Single cell mRNA-seq Analysis

For single cell mRNA-Seq analysis the raw fastq files were aligned against the Ensemble GRCh38 genome using the Gencode v25 gene annotation. Gene level read counts were then calculated using featureCounts from the Subread package. Raw counts were log transformed and quantile normalized. For hierarchical clustering Pearson correlation was used as distance metric. Hierarchical clustering was plotted using the dendextend library in R.

mRNA-seq Quality Control

Scater library (McCarthy et al., 2017) was used to include samples and genes that pass quality control. For single cell analysis, we first discarded genes that are expressed in less than 1% of the cells. Then we applied Scater library function ‘isOutlier’ with 3 median absolute deviations in order to define the thresholds for following parameters: total number of counts, number of genes detected and number of counts belonging to mitochondrial genes. Values beyond this threshold are considered outliers and were not included in the analysis. As a result, we defined the following criteria: 1) total number of counts detected per sample ≥ 891,010; 2) number of genes detected in each single cell ≥ 2,619; 3) number of counts belonging to mitochondrial genes ≤ 500,224. From single cell mRNA-seq 39 cells did not pass the quality control filters and were not included in the analysis. As for genes, from 56,269 we used 24,536 for analysis. For population mRNA-seq from the initial 24 samples from BJ and HDF-derived cells 1 sample did not pass the quality control and was discarded (BJ Day 15 CD49f+).

ChIP-seq analysis

ChIP-seq analysis was performed on the raw FASTQ files. FASTQ files were mapped to the human hg19 genome using Bowtie 2 program allowing for 2 base pair mismatches. Mapped output files were processed through MACS1.4 analysis software to determine peaks. Homer software package was used for peak annotation and further analysis was performed using the Galaxy server and R statistical software.

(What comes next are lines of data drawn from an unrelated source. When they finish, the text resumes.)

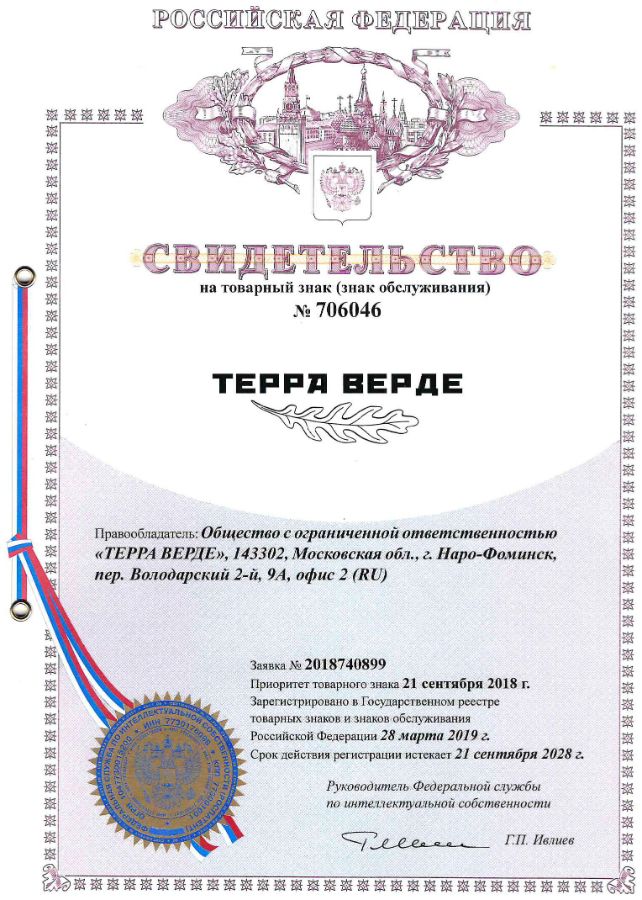 Наш бренд "Терра Верде" - бренд, зарегистрированный на территории Российской Федерации. Использование названия или логотипа без согласия правообладателя противозаконно. |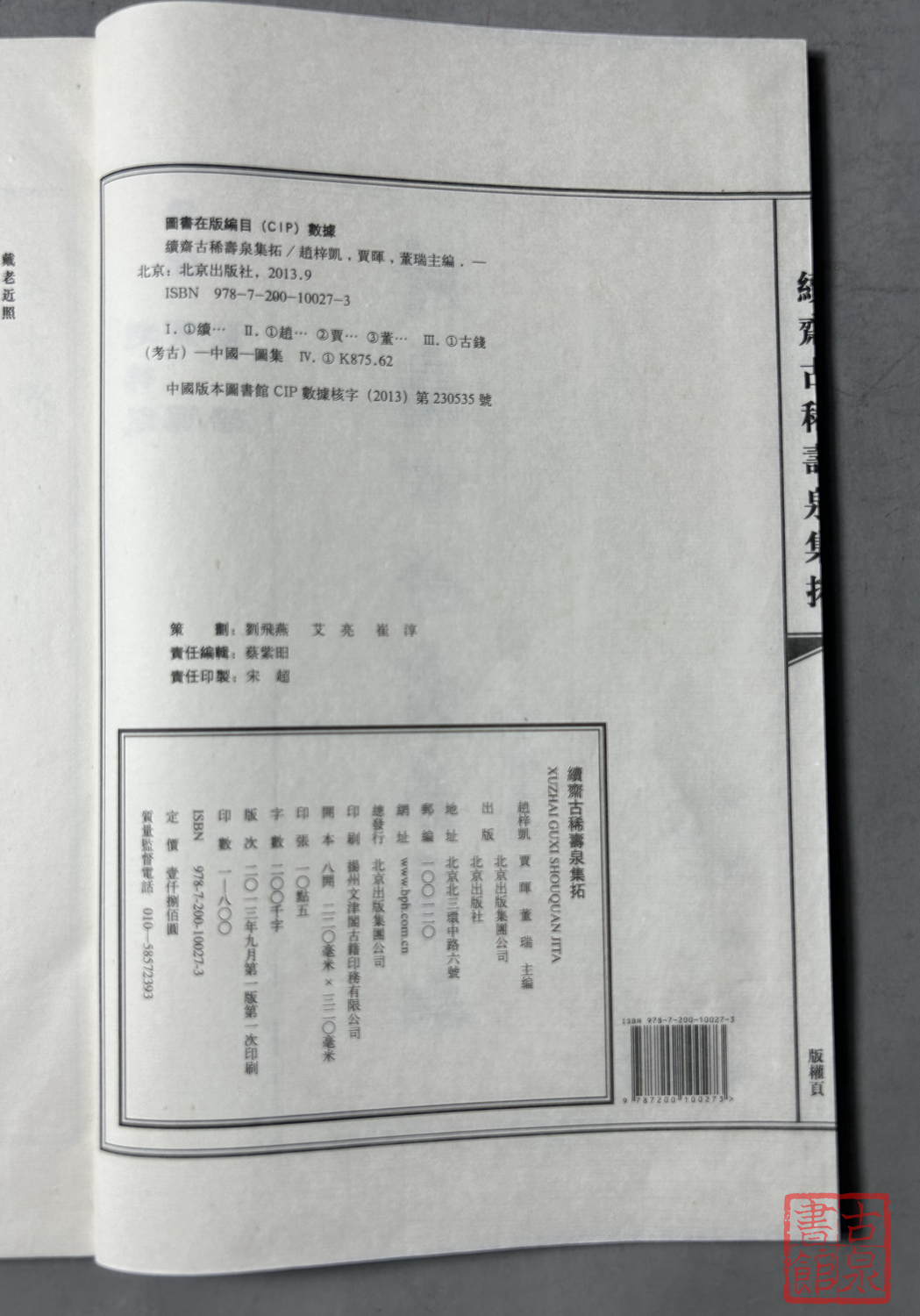 1.北京出版社。2013年9月1版1印,印量800册。宣纸双色套色印刷,带外封,是当今泉界书籍印刷的极致。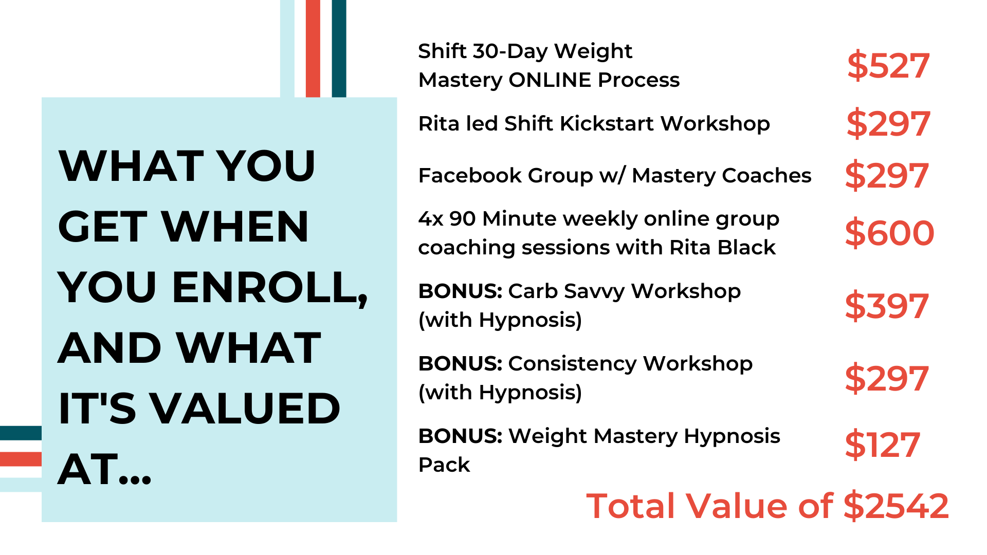 • Bonus Program: Shift Weight Mastery Hypnosis Pack ($127 Value)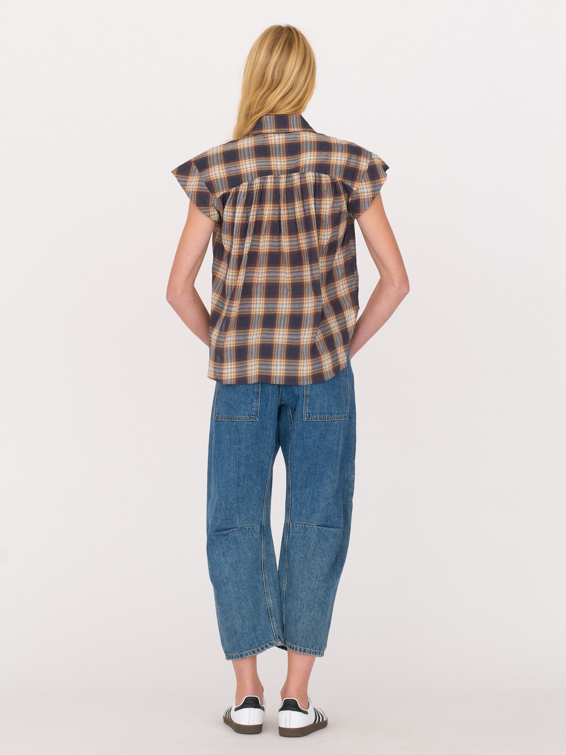 A relaxed, slightly rounded jean designed with a subtle barrel-leg shape. Features front and back patch pockets, soft knee seaming, and an easy cropped length that hits just above the ankle.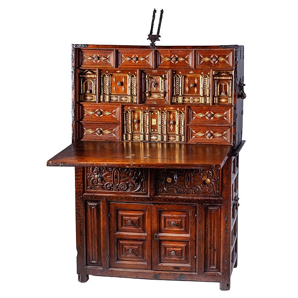Bargueño español de tapa abatible sobre taquillón tallado de nogal y herrajes de hierro con interior de columnillas de hueso formando motivos arquitectónicos, época Felipe IV S.XVII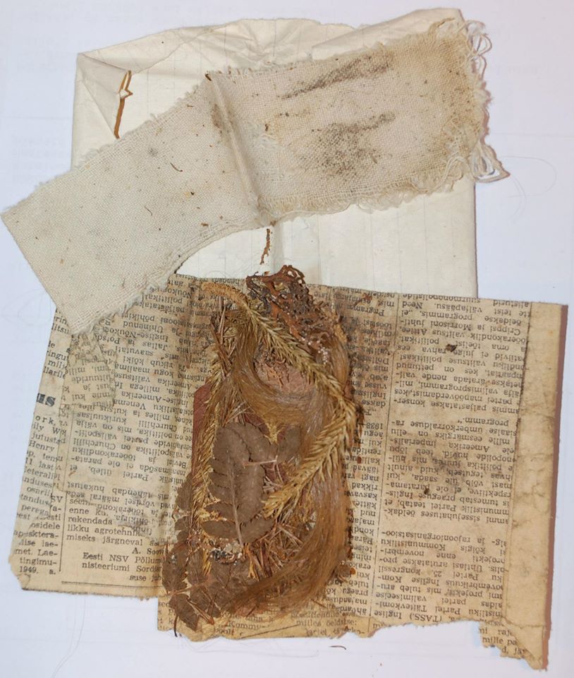 Viimase kallima juuksekihar koos langemiskohast korjatud taimedega ja riba "Toomase" riietest. 63 ja pool aastat hiljem, kui hoidja lokid on juba ammu valged.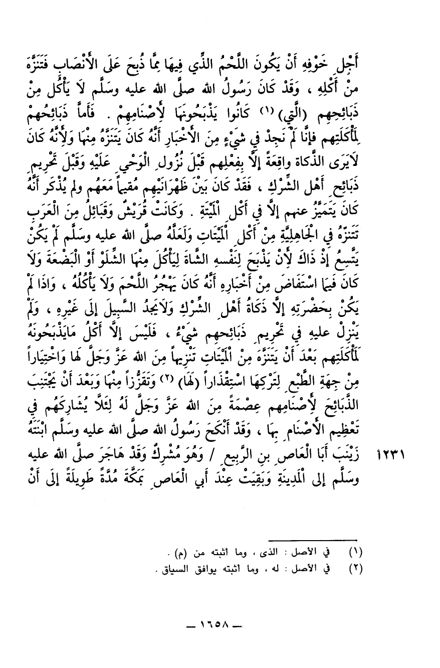 أجل خوفه أن يكون اللحم الذي فيها مما ذبح على الأنصاب فتتنزه من أكله، وقد كان رسول الله عليه وسلم لا يأكل من ذبائحهم (التي) كانوا يذبحونها لأصنامهم. فأما ذبائحهم لمأكلتهم فإنا لم نجد في شيء من الأخبار أنه كان يتنزه منها ولأنه كان لا يرى الذكاة واقعة إلا بفعلهم قبل نزول الوحي عليه وقبل تحريم ذبائح أهل الشرك، فقد كان بين ظهرانيهم مقيما معهم ولم يذكر أنه كان يتميز عنهم إلا في أكل الميتة. وكانت قريش وقبائل من العرب تتنزه في الجاهلية من أكل الميتات ولعله صلى الله عليه وسلم لم يكن يتسع إذ ذاك لأن يذبح لنفسه الشاة ليأكل منها الشلو أو البضعة ولا كان فيما استفاض من أخباره أنه كان يهجر اللحم ولا يأكله، واذا لم يكن بحضرته إلا ذكاة أهل الشرك ولا يجد السبيل إلى غيره، ولم ينزل عليه في تحريم ذبائحهم شيء، فليس إلا أكل ما يذبحونه لمأكلتهم بعد أن يتنزه من الميتات تنزيها من الله عز وجل لها واختيارا من جهة الطبع لتركها استقذارا (لها) وتقززا منها وبعد أن يتجنب الذبائح لأصنامهم عصمة من الله عز وجل له لئلا يشاركهم في تعظيم الأصنام بها، وقد أنكح رسول الله صلى الله عليه وسلم ابنته زينب أبا العاص بن الربيع / وهو مشرك وقد هاجر صلى الله عليه وسلم إلى المدينة وبقيت عند أبي العاص بمكة مدة طويلة إلى أن

Chromatin State Fold-Enrichment

Enrichment scores for genomic features, such as GATA2 and GFI1B Chip-seq peaks and histone marks were calculated using ChromHMM Overlap Enrichment (Chronis et al., 2017), based on public segmentation. ChromHMM segmentation, that contains 18 different chromatin states, was downloaded from Roadmap website and used for analysis. Enrichment scores were calculated as the ratio between the observed and the expected overlap for each feature and chromatin state based on their sizes and the size of the human genome.

Gene List Enrichment Analysis with Single Cell Data

Differential gene expression was calculated for all pairwise sample groups (HDF, DAY2, CD34+ CD49f+, CD49f+, UCB CD34+) using variance-stabilizing transformation combined with limma. To calculate gene set enrichment the top 500 and bottom 500 genes for each differential expression gene signature were uploaded to Enrichr. The significance of gene set overlap was measured using the Fisher Exact test.

Motif Analyses

For de novo motif discovery, findMotifsGenome.pl procedure from Homer was used on GATA2 and GFI1B separately. Co-bound regions by GFI1B and GATA2 were found using bedtools. Co-bound regions were used for de novo motif discovery using Homer and CCAT. In order to evaluate similarity of the two sets based on the intersections Jaccard statistic were used.

Integration of Independently Obtained Gene Expression and Genome Location Datasets

Data from microarray and RNA-seq experiments were adjusted using quantile normalization; genes insignificantly changing their expression across samples were removed using ANOVA with the consequent adjustment for multiple testing (Benjamini-Hochberg correction, p < 0.05). Data for the remaining genes were converted to Z-scores. Hierarchical clustering and Principal Component Analysis (PCA) of the integrated dataset was performed using Cluster 3.0 and visualized with JAVA treeview. For differential gene expression analysis, DESeq2 was used in HDF, day 15 CD49f+, day 25 CD49f+ and day 25 CD34+CD49f+ and genes were selected using the following criteria: 1) DESeq2 differential calls with an adjusted p value < 0.05 (FDR used as adjusted p value) between either of four groups of sample; 2) Absolute changes in expression between minimal and maximal expression > 1.5 fold. Intersection between the genes identified by Chip-Seq for GATA2 and GFI1B (binding peaks within ± 5kb around the transcriptional start) and mRNA-seq identified 1,425 genes, which were clustered and visualized. Those 1,425 genes we divided into 3 groups: 1) Genes bound only by GATA2; 2) Genes bound only by GFI1B; 3) Genes co-bound by GATA2 and GFI1B.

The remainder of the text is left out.